Promoters, enhancers, transcription terminators and polyadenylation
signals, which are able to be used in eukaryotes, are known. The
transformation vector may be a plant expression vector which may be
directly introduced into a plant cell by inserting the base
sequence of the gene, or may be introduced into a microorganism
causing infection in a plant. An exemplary example of the
transformation vector is a Ti-plasmid vector which may transfer a
part of the vector itself, that is, a T-region, when present in a
suitable host such as Agrobacterium tumefaciens, to a plant cell.

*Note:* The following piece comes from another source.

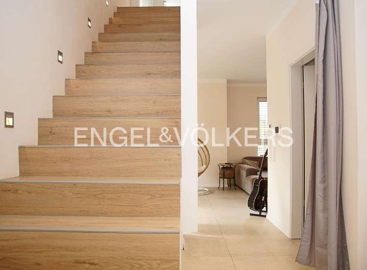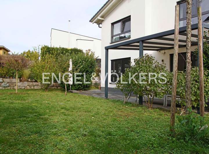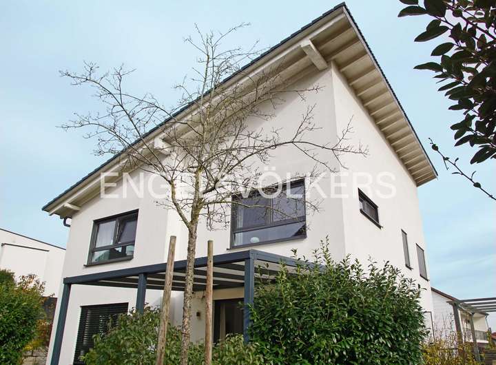Dieses freistehende Einfamilienhaus aus dem Jahr 2015 überzeugt durch seine moderne Architektur, die großzügige Raumaufteilung und die hervorragende Lage im beliebten Neubaugebiet Eckertsberg in Dielheim. Auf einer Wohnfläche von ca. 180 m² bietet es höchsten Wohnkomfort für Familien, die Wert auf ein offenes und helles Wohnambiente legen. Nur wenige Meter trennen das Haus von Feldern, Wiesen und Wäldern, die zu Spaziergängen und Freizeitaktivitäten in der Natur einladen, während das Zentrum von Dielheim mit allen Geschäften für den täglichen Bedarf bequem zu Fuß erreichbar ist. Das Haus verfügt über zwei Vollgeschosse mit insgesamt sechs Zimmern, davon vier als Schlafräume nutzbar. Im Erdgeschoss öffnet sich ein großzügiger Wohn- und Essbereich mit direktem Zugang zur nach Südwesten ausgerichteten Hauptterrasse sowie zu einer zweiten, kleineren Terrasse, die sich ideal als Frühstücksterrasse eignet. Der angrenzende Garten bietet ausreichend Platz für gesellige Stunden mit Familie und Freunden oder zum Spielen für Kinder. Die separate Küche ist mit einer modernen Einbauküche ausgestattet und führt ebenfalls direkt auf die Frühstücksterrasse. Ergänzt wird das Erdgeschoss durch ein Arbeits- bzw. Gästezimmer sowie ein Gäste-WC. Über eine massive Treppe gelangt man ins Obergeschoss, in dem sich drei Schlafzimmer und zwei Bäder befinden. Das größere Badezimmer verfügt über eine Badewanne und eine separate Dusche, während das en Suite Bad mit einer Dusche ausgestattet ist. Im gesamten Haus sind hochwertige Fliesen verlegt, im Obergeschoss in ansprechender Holzoptik, was dem Haus eine warme und zugleich moderne Atmosphäre verleiht. Beheizt wird die Immobilie über eine moderne und besonders effiziente Wärmepumpe, die in Kombination mit der Fußbodenheizung für eine angenehme und gleichmäßige Wärme sorgt. Für Fahrzeuge stehen eine Einzelgarage sowie drei weitere Stellplätze direkt am Haus zur Verfügung. Das Grundstück liegt ruhig am Rand des Neubaugebiets, wodurch sowohl naturnahe Erholung als auch die Nähe zu Kindergarten, Schulen, Einkaufsmöglichkeiten und Verkehrsanbindungen gegeben ist. Über die nahegelegenen Autobahnen A5 und A6 sowie die Bundesstraße B39 sind Heidelberg, Wiesloch und Walldorf schnell erreichbar. Insgesamt präsentiert sich dieses Einfamilienhaus als modernes, energieeffizientes und familienfreundliches Zuhause mit durchdachter Raumgestaltung, sonnigen Außenbereichen und einer Lage, die Naturverbundenheit und Alltagstauglichkeit perfekt vereint – ein Ort, an dem Wohnen zur Lebensqualität wird.

There are various Agrobacterium strains, which can be used in such
manipulation, and are known in the art. Currently, different types
of Ti-plasmid vectors are used to transfer a hybrid DNA sequence to
a plant cell, or a protoplast capable of producing a new plant by
suitable insertion of hybrid DNA into a plant genome. A
particularly exemplary type of the Ti-plasmid vector is a binary
vector. A different vector suitable for introducing the DNA
according to the present invention into a plant host may be a viral
vector which may be derived from a double-stranded plant virus
(e.g., CaMV) and a single-stranded virus, a geminivirus, or the
like, such as an incomplete plant viral vector. The vector may be
advantageously used when it is difficult to suitably transform a
plant host. Preferably, the transformation vector may further
include a marker capable of identifying the expression of the gene
or selecting a transformant. The marker is a nucleic acid sequence
characterized by being conventionally selected by a chemical
method, and includes all genes that can differentiate transformed
cells from non-transformed cells. As a marker gene, a gene
exhibiting resistance against antibiotics such as kanamycin,
spectinomycin, etc. or a gene encoding .beta.-glucuronidase (GUS)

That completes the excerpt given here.